## SUPPLIED DATA
+ + + + + + +

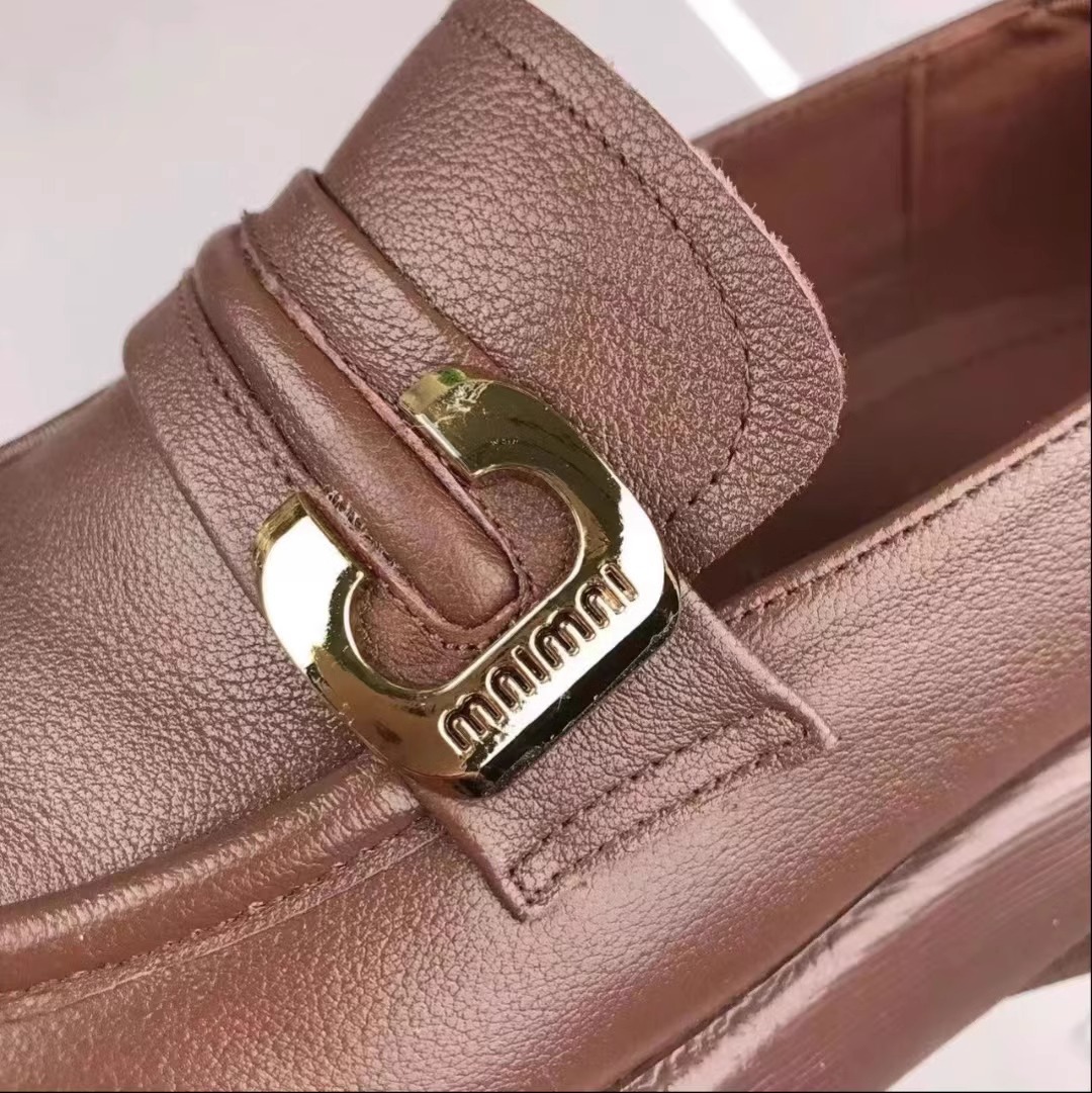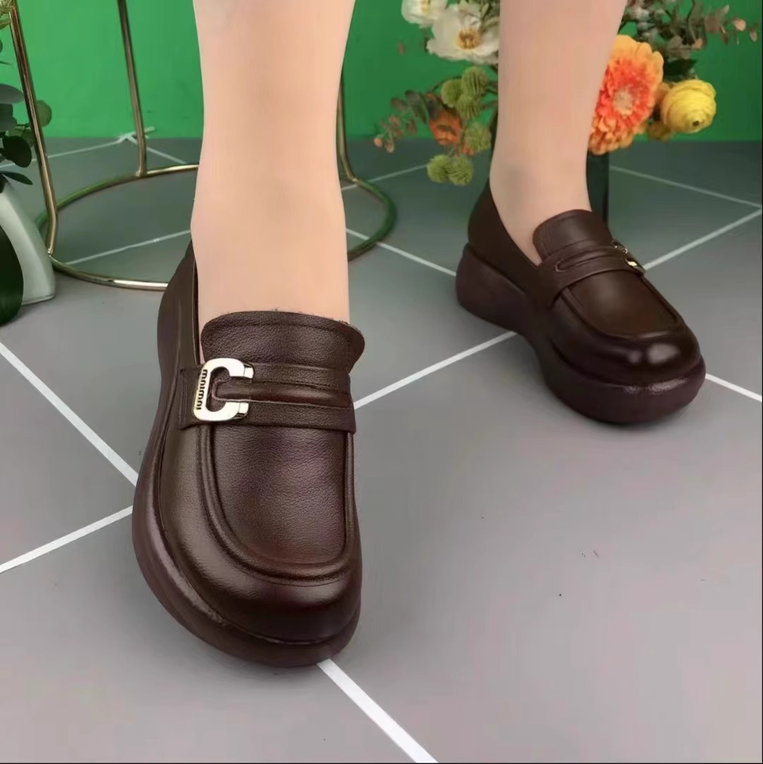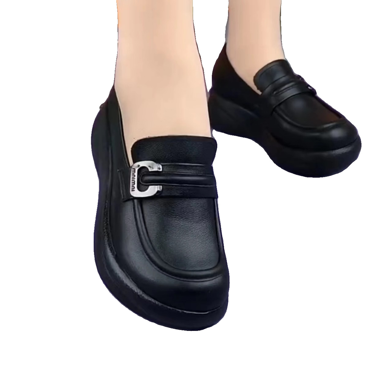 정품 가죽 싱글 레이어 신발 여성 2024 봄 새로운 플랫폼 플랫폼 라운드 토 레트로 편안한 부드러운 가죽 신발스토어 가기
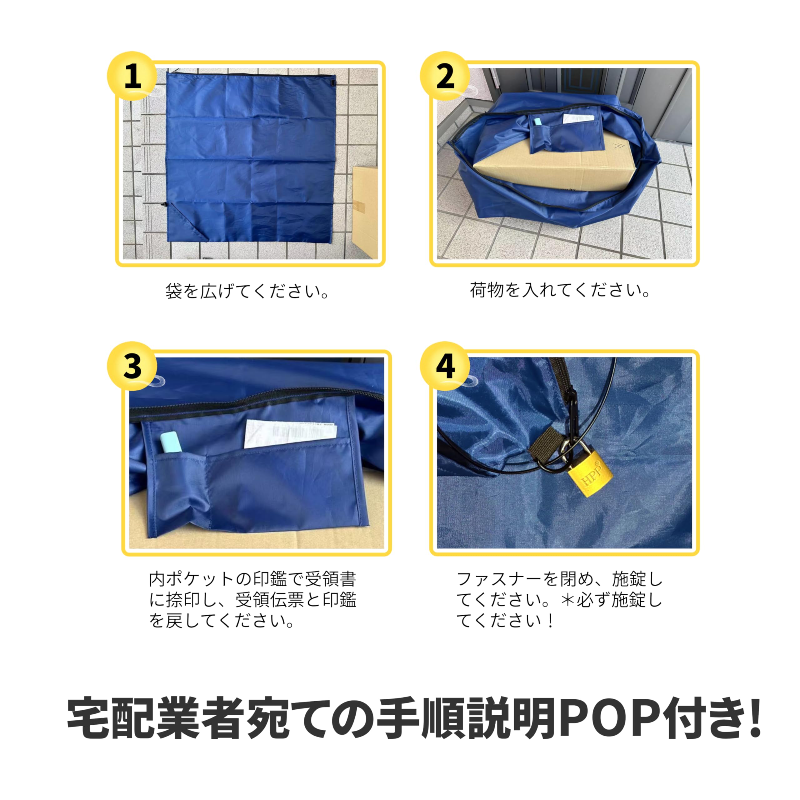 折りたたみ式宅配バッグ 80L大容量 置き配バッグ 防犯対策 玄関収納 置き配 マグネット プレート ネイビー (折りたたみ式宅配バッグ)
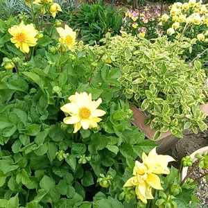 黄色のミニダリア💛 数年植えっぱなしですが たくさん咲いてくれて 日々 元気をもらっています🙌 ٩(^ᴗ^)۶
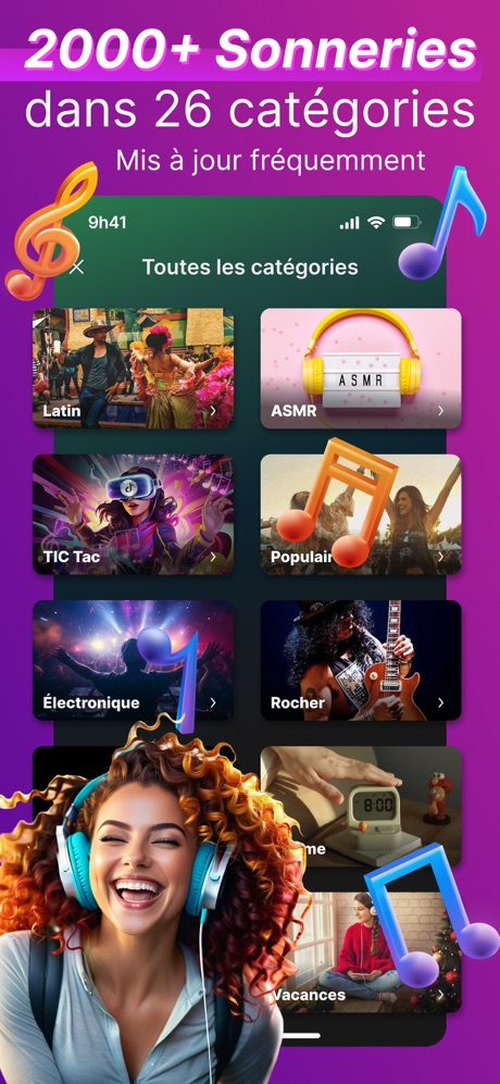 Lassé des sonneries par défaut que vous avez sur votre iPhone ? Sonneries pour iPhone est la meilleure application qui vous aidera à créer votre propre style ! Beaucoup de chansons avec une collection des sonneries les meilleures et les plus populaires pour iPhone. Plus de 10 000 sonneries populaires et nouvelles musiques dans notre application. Vous pouvez les définir comme sonnerie, message, alarme, notifications. Fatigué des sons d’alarme perçants ? Choisissez-en un qui vous fera sourire dès le matin. Personnalisez votre expérience de réveil avec notre créateur de sonneries ! Notre créateur de sonneries vous permet de créer n’importe quelle sonnerie que vous pouvez imaginer. Avec Garage Ringtones, vous obtenez plus qu’une simple chanson préférée ou le son d’une vidéo, vous pouvez vous créer une sonnerie unique à la volée.
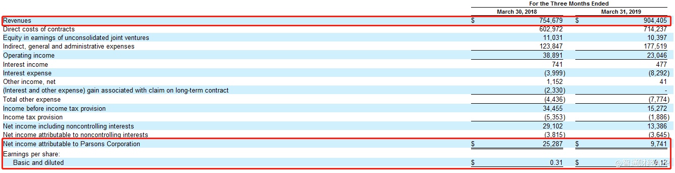 智通财经APP获悉,美国国防科技股Parsons(PSN.US)公布一季度财报,截至2019年3月31日止三个月,公司营收为9.04亿美元,同比增长20%;归属于公司的净利润974万美元,同比降低61%,每股摊薄收益为0.12美元。
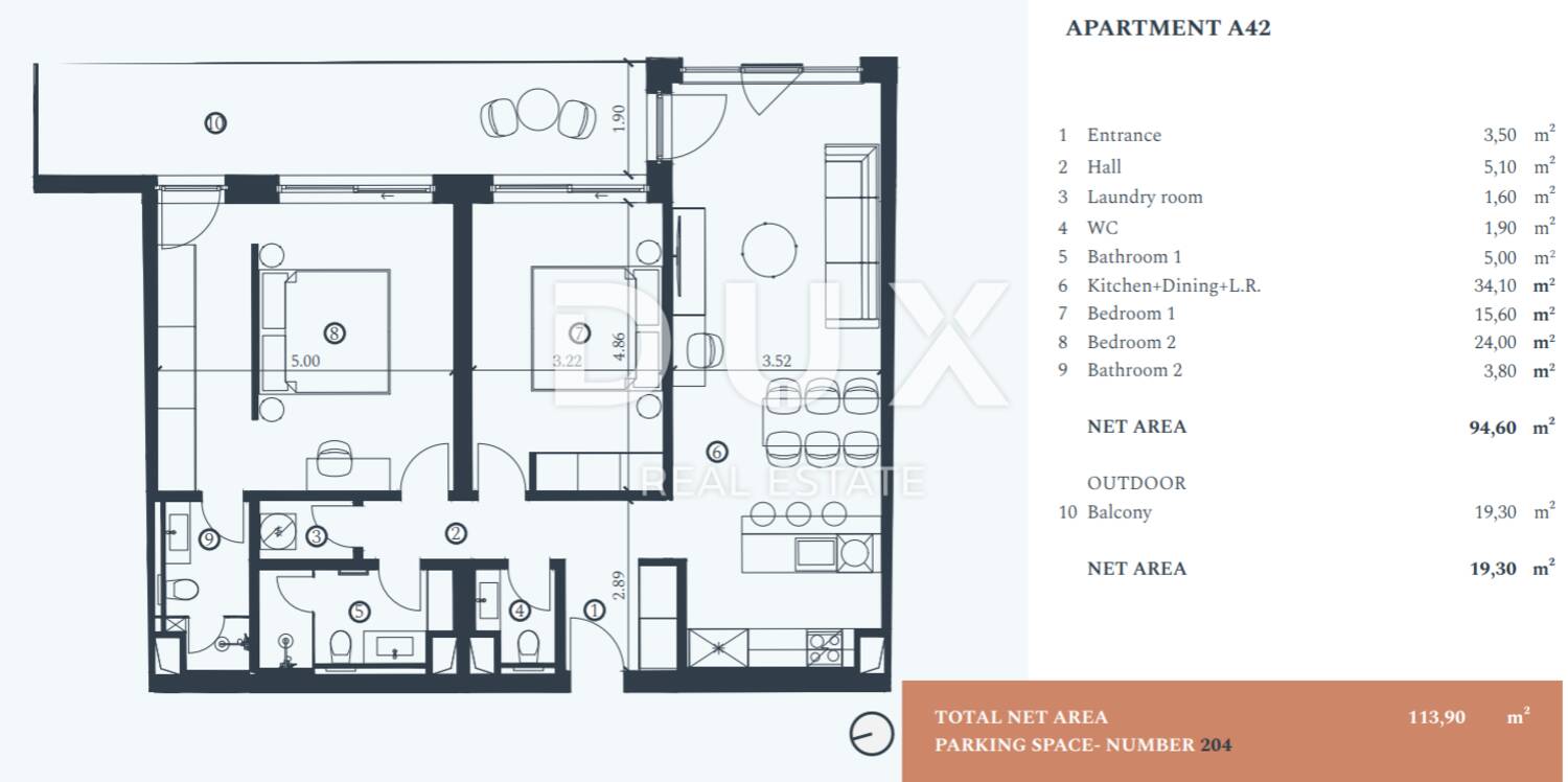Kvadrature:113,90m2=94,60 unutarnji prostor+19,30 balkon
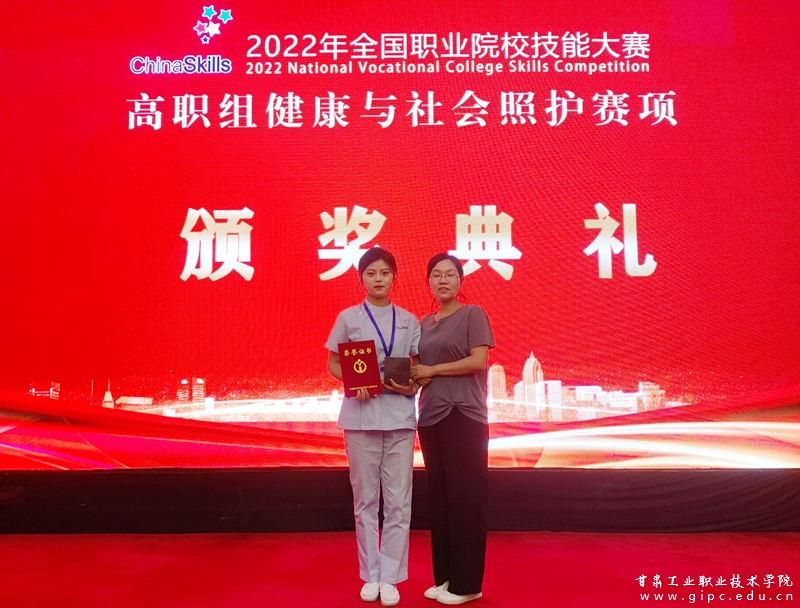 本次大赛中,我校旅游学院专任教师赵文秀担任领队,刘露露担任指导教师,智慧健康养老服务与管理专业2032班甄茜代表甘肃省参加了本次比赛。经过两天的激烈角逐,甄茜最终获得了国赛二等奖的优异成绩,这是继2019年养老服务赛项荣获国赛二等奖后的又一次突破。
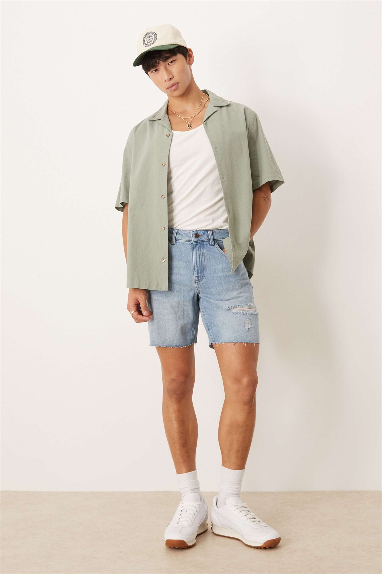 Джинсовые шорты средней длины облегающего кроя с порезами
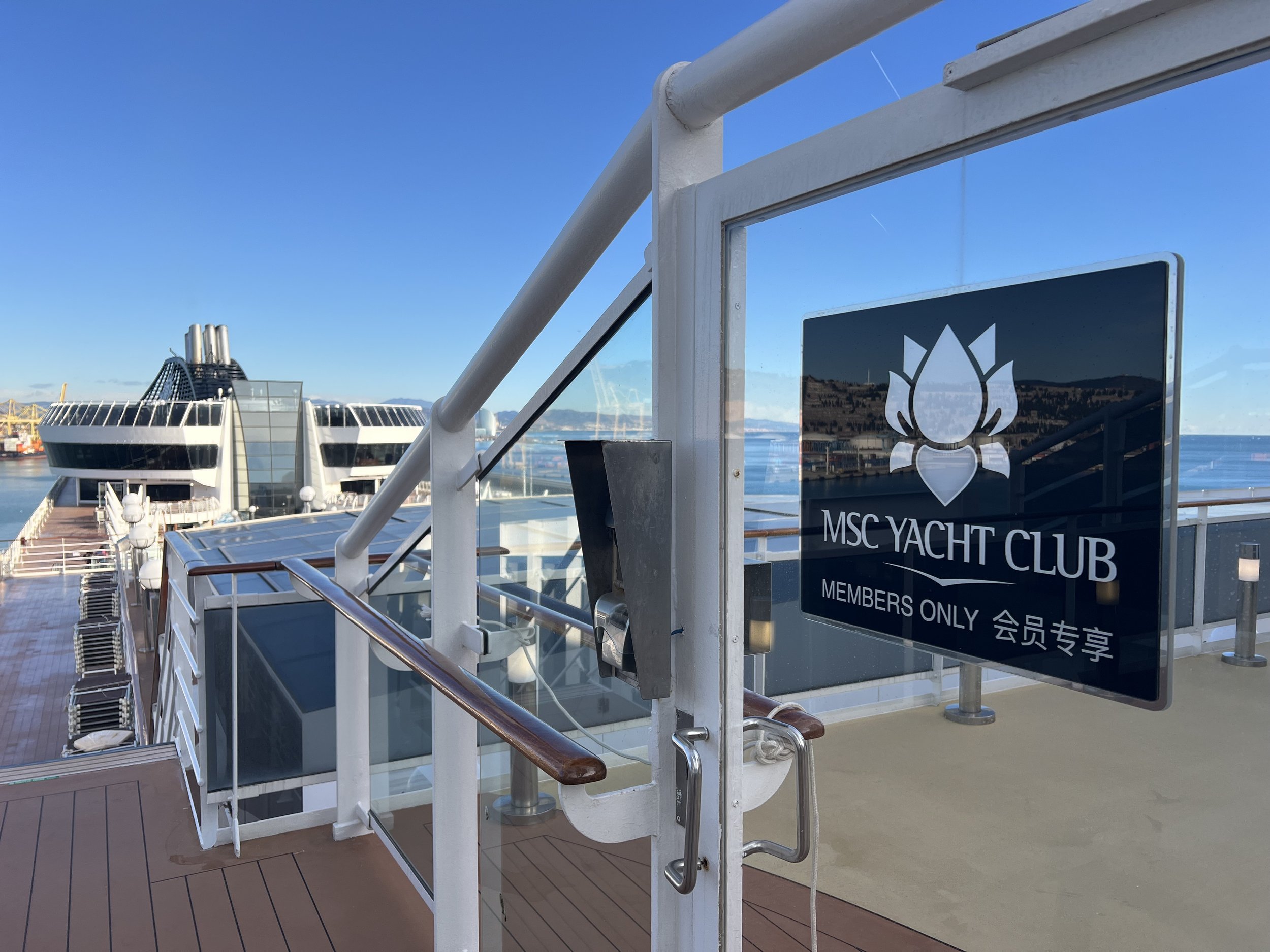MSC Yacht Club: 800 points (cruises under 6 days/5 nights), 1,500 points (cruises from 6 to 10 days/5 to 9 nights) or 2,000 points (cruises of over 10 days/9 nights)

+ + + + + + +

## WORK INSTRUCTION
Would you write out an exact copy of the entries above, with no images?

## TASK SOLUTION
 정품 가죽 싱글 레이어 신발 여성 2024 봄 새로운 플랫폼 플랫폼 라운드 토 레트로 편안한 부드러운 가죽 신발스토어 가기
 折りたたみ式宅配バッグ 80L大容量 置き配バッグ 防犯対策 玄関収納 置き配 マグネット プレート ネイビー (折りたたみ式宅配バッグ)
 黄色のミニダリア💛 数年植えっぱなしですが たくさん咲いてくれて 日々 元気をもらっています🙌 ٩(^ᴗ^)۶
 Lassé des sonneries par défaut que vous avez sur votre iPhone ? Sonneries pour iPhone est la meilleure application qui vous aidera à créer votre propre style ! Beaucoup de chansons avec une collection des sonneries les meilleures et les plus populaires pour iPhone. Plus de 10 000 sonneries populaires et nouvelles musiques dans notre application. Vous pouvez les définir comme sonnerie, message, alarme, notifications. Fatigué des sons d’alarme perçants ? Choisissez-en un qui vous fera sourire dès le matin. Personnalisez votre expérience de réveil avec notre créateur de sonneries ! Notre créateur de sonneries vous permet de créer n’importe quelle sonnerie que vous pouvez imaginer. Avec Garage Ringtones, vous obtenez plus qu’une simple chanson préférée ou le son d’une vidéo, vous pouvez vous créer une sonnerie unique à la volée.
 智通财经APP获悉,美国国防科技股Parsons(PSN.US)公布一季度财报,截至2019年3月31日止三个月,公司营收为9.04亿美元,同比增长20%;归属于公司的净利润974万美元,同比降低61%,每股摊薄收益为0.12美元。
Kvadrature:113,90m2=94,60 unutarnji prostor+19,30 balkon
 本次大赛中,我校旅游学院专任教师赵文秀担任领队,刘露露担任指导教师,智慧健康养老服务与管理专业2032班甄茜代表甘肃省参加了本次比赛。经过两天的激烈角逐,甄茜最终获得了国赛二等奖的优异成绩,这是继2019年养老服务赛项荣获国赛二等奖后的又一次突破。
 Джинсовые шорты средней длины облегающего кроя с порезами
MSC Yacht Club: 800 points (cruises under 6 days/5 nights), 1,500 points (cruises from 6 to 10 days/5 to 9 nights) or 2,000 points (cruises of over 10 days/9 nights)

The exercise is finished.